● **Work request**: The listing below should be reproduced exactly, with the pictures omitted.

● **Collected material**:
▼

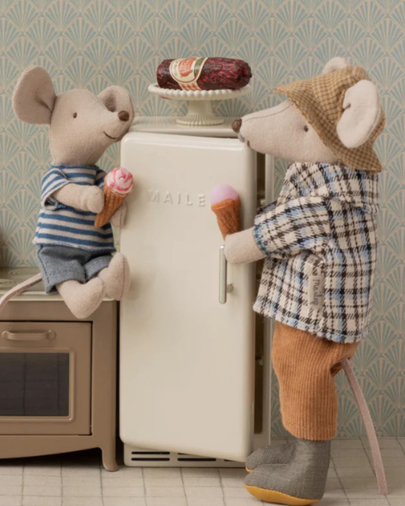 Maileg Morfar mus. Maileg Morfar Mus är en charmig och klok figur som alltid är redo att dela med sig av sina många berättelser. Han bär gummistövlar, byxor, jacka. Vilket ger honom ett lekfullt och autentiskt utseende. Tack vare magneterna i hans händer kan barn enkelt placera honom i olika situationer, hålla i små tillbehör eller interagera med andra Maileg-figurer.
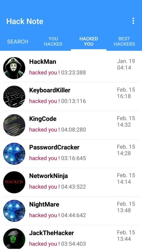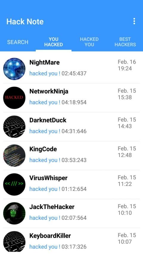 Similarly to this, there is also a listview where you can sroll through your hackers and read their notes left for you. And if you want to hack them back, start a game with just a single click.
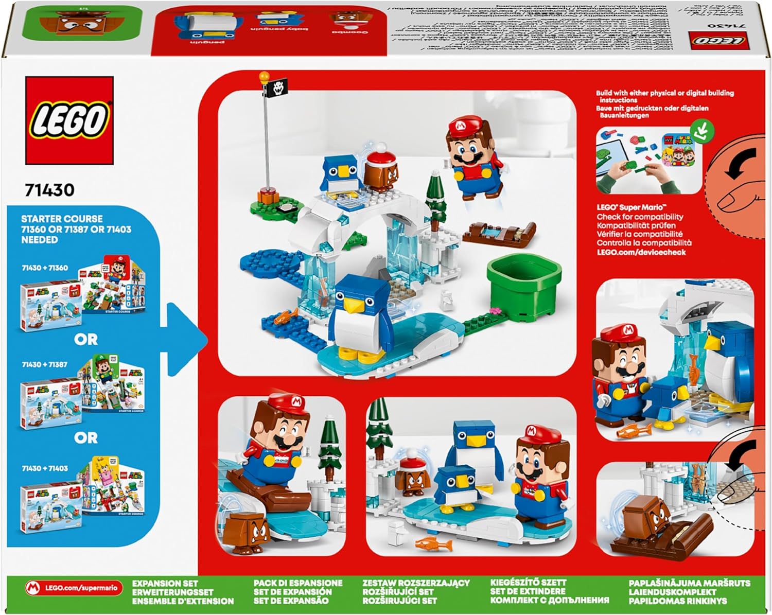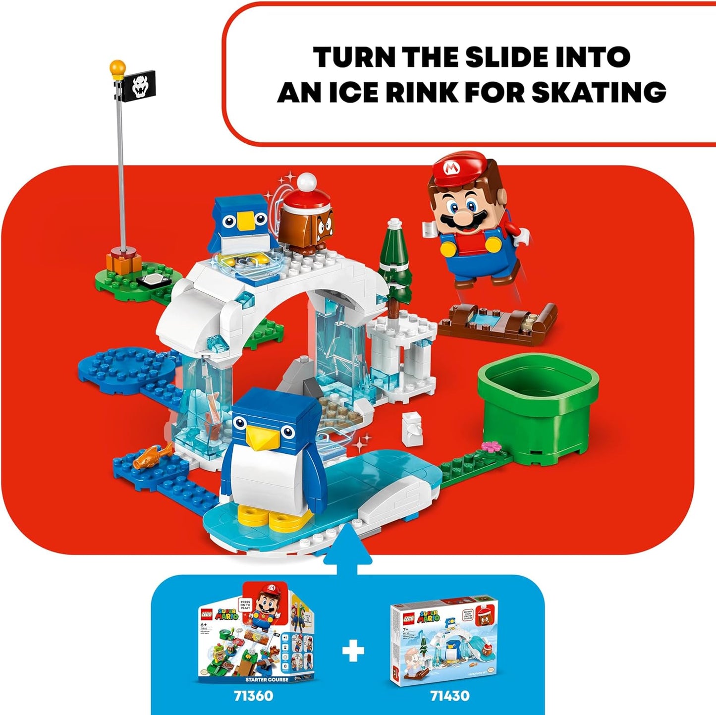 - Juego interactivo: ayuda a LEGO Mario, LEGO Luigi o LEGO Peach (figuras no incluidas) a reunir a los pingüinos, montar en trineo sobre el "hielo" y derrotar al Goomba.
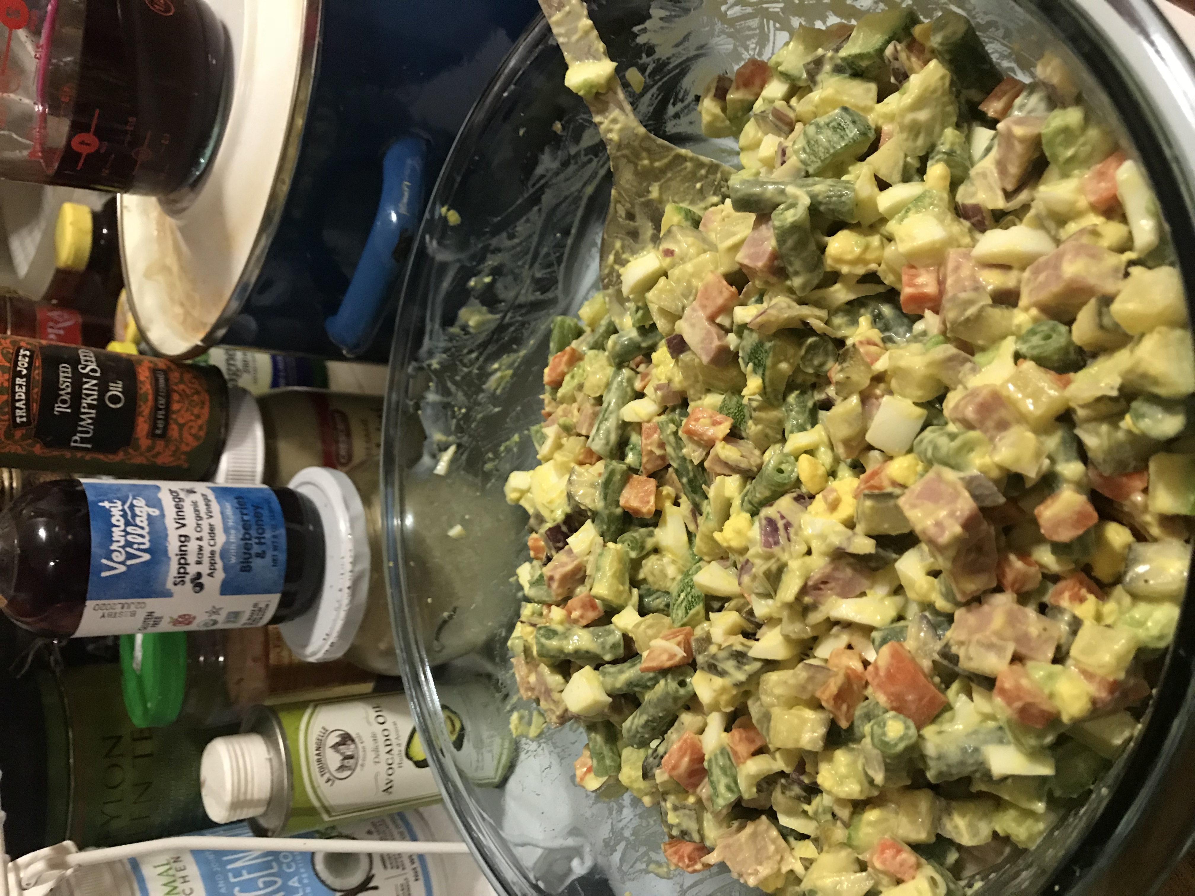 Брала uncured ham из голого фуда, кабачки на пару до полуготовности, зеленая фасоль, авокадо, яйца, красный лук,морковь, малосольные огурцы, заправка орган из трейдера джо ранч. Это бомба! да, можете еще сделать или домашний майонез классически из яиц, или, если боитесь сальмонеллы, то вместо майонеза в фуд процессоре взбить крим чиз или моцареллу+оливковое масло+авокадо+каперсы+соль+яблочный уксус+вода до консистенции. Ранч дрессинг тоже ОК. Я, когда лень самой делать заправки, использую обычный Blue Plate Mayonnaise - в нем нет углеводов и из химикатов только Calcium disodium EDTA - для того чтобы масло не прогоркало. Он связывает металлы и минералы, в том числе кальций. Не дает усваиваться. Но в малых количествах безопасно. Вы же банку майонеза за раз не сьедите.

▲

● **Solution to this task**:
 Maileg Morfar mus. Maileg Morfar Mus är en charmig och klok figur som alltid är redo att dela med sig av sina många berättelser. Han bär gummistövlar, byxor, jacka. Vilket ger honom ett lekfullt och autentiskt utseende. Tack vare magneterna i hans händer kan barn enkelt placera honom i olika situationer, hålla i små tillbehör eller interagera med andra Maileg-figurer.
 Similarly to this, there is also a listview where you can sroll through your hackers and read their notes left for you. And if you want to hack them back, start a game with just a single click.
 - Juego interactivo: ayuda a LEGO Mario, LEGO Luigi o LEGO Peach (figuras no incluidas) a reunir a los pingüinos, montar en trineo sobre el "hielo" y derrotar al Goomba.
 Брала uncured ham из голого фуда, кабачки на пару до полуготовности, зеленая фасоль, авокадо, яйца, красный лук,морковь, малосольные огурцы, заправка орган из трейдера джо ранч. Это бомба! да, можете еще сделать или домашний майонез классически из яиц, или, если боитесь сальмонеллы, то вместо майонеза в фуд процессоре взбить крим чиз или моцареллу+оливковое масло+авокадо+каперсы+соль+яблочный уксус+вода до консистенции. Ранч дрессинг тоже ОК. Я, когда лень самой делать заправки, использую обычный Blue Plate Mayonnaise - в нем нет углеводов и из химикатов только Calcium disodium EDTA - для того чтобы масло не прогоркало. Он связывает металлы и минералы, в том числе кальций. Не дает усваиваться. Но в малых количествах безопасно. Вы же банку майонеза за раз не сьедите.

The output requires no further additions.